Aaron Swartz discusses the possible problems of relying too much on scientific decision-making in Do I have too much faith in science?:
If you’re struggling with a decision, we’re taught to approach it more “scientifically”, by systematically enumerating pros and cons and trying to weight and balance them. That’s what Richard Feynman would do, right? Well, studies have shown that this sort of explicit approach repeatable leads to worse decisions than just going with your gut. Why? Presumably for the same reason: your gut is full of tacit knowledge that it’s tough to articulate and write down. Just focusing on the stuff you can make explicit means throwing away everything else you know—destroying your tacit knowledge.
My initial reaction was probably similar to yours. Something like this:
As expected, many commenters on Aaron’s post vehemently disagrees with him. Joe Blaylock asks:
You seem to take a narrow view of what science is and how it’s done. Is this rhetorical? Are you representing an extreme reductivist worldview to try to make a point?
gwern tells an interesting story to make his/her point:
‘One day when I was a junior medical student, a very important Boston surgeon visited the school and delivered a great treatise on a large number of patients who had undergone successful operations for vascular reconstruction. At the end of the lecture, a young student at the back of the room timidly asked, “Do you have any controls?” Well, the great surgeon drew himself up to his full height, hit the desk, and said, “Do you mean did I not operate on half the patients?” The hall grew very quiet then. The voice at the back of the room very hesitantly replied, “Yes, that’s what I had in mind.” Then the visitor’s fist really came down as he thundered, “Of course not. That would have doomed half of them to their death.” God, it was quiet then, and one could scarcely hear the small voice ask, “Which half?”’

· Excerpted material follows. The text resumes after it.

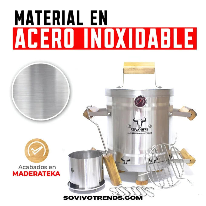 Descubre la comodidad y versatilidad del Mini Asador Barril, diseñado especialmente para quienes aman disfrutar de deliciosos asados en apartamentos, terrazas o espacios pequeños. 🏢🍖 Su diseño compacto y funcional combina la resistencia del acero inoxidable 🛡️ con terminados de madera teka 🌳, ofreciendo un estilo elegante y duradero.

To bring this debate over into the world of design, I like Dmitry Fadeyev’s description of the different approaches as Primal (intuitive) vs. Cerebral (scientific). He concludes:
The best work is probably a combination of the two forces: restraining the primal force enough to yield a useful product that performs, but not ignoring it altogether so that the more basic human element is satisfied too, both in the creator and in the user.
Dmitri explores this theme more in his essay The Cerebral Designer:
Likewise, primal and cerebral design instincts are complements, not opposing forces. They are concerned with disparate goals which is why neither is better at achieving what the other sets out to do. If the design is driven only by the cerebral creative instinct, it will be too plain. If it is fully primal, it will not be very good at fulfilling its function for it would be more of an illustration or an ornamental piece than a design. Instead, if the primal is restrained by the cerebral but not yet fully killed, we arrive at a design that is functional, structured, pleasing to the eye and a joy for the designer to create.
I guess as designers we’re lucky. Instead of having to pick extreme points of view in an argument, in many cases the easy way out (calling for a middle ground) is also what’s best for our work. That is certainly the case here. We can combine things like A/B testing (within limits) with an intuitive humanity to design memorable, usable experiences.